Et ce n’est pas étonnant : les centres Makani sont des endroits extraordinaires. En plus de lire et d’écrire, les enfants peuvent y pratiquer le karaté, créer des mosaïques et jouer au soccer. La ministre du Développement international du Canada, Marie-Claude Bibeau, a visité avec un bel entrain la classe de karaté... pas de doute, elle s’y connaît! De mon côté, j’ai aidé un jeune garçon lors d’un atelier de mosaïques, pour ensuite le voir réparer patiemment le gâchis que j’avais fait de son travail...!
« Évidemment, ces ateliers sont bien plus que du jeu. Ils font partie du soutien psychosocial dont ces jeunes ont besoin. Plusieurs d’entre eux souffrent de traumatismes engendrés par ce qu’ils ont vécu, ce qui se traduit par de la violence et des comportements inappropriés. Nous utilisons ces jeux pour les aider à acquérir des habiletés d’adaptation, à apprendre à jouer ensemble et à utiliser des moyens non violents pour s’exprimer », explique le Canadien Rob Jenkins, un représentant d’UNICEF Jordanie.
Les centres Makani préparent de plus en plus d’enfants pour l’école régulière. Une mère nous désigne un de ces enfants, une fillette d’environ neuf ans. « Leyla est venue au centre Makani et maintenant elle va à l’école. Elle a commencé la semaine dernière, et depuis, elle porte son uniforme scolaire jour et nuit. Elle ne veut plus l’enlever! »
Il y a un an, le gouvernement du Canada annonçait qu’il jumèlerait tous les dons faits aux organismes de bienfaisance canadiens pour venir en aide aux Syriens et Syriennes dans la région. Le Fonds de secours d’urgence pour la Syrie a recueilli plus de 30 millions de dollars. Il a été confié à l’UNICEF pour soutenir les centres Makani et pour tenir des campagnes d’éducation et de vaccination en Syrie. Nous avons une grande responsabilité envers les donatrices et donateurs canadiens et envers les enfants et les familles qui essaient de rebâtir leur vie. Si le travail attentionné, inclusif et sensible que j’ai observé en témoigne, la confiance accordée à l’UNICEF ici en Jordanie a été très bien placée.

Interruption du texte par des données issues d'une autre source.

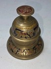 Vintage Indian Claw Temple Bell Ornate Solid Brass Red Blue 3 Inch W / Stand

David Morley est le président et chef de la direction d’UNICEF Canada. Il a récemment accompagné la ministre du Développement international Marie-Claude Bibeau en Jordanie, afin de constater le travail effectué dans le cadre du programme de l’UNICEF pour les enfants syriens réfugiés, qui est soutenu par le Fonds de secours d’urgence pour la Syrie. UNICEF Canada remercie le gouvernement du Canada pour son généreux soutien.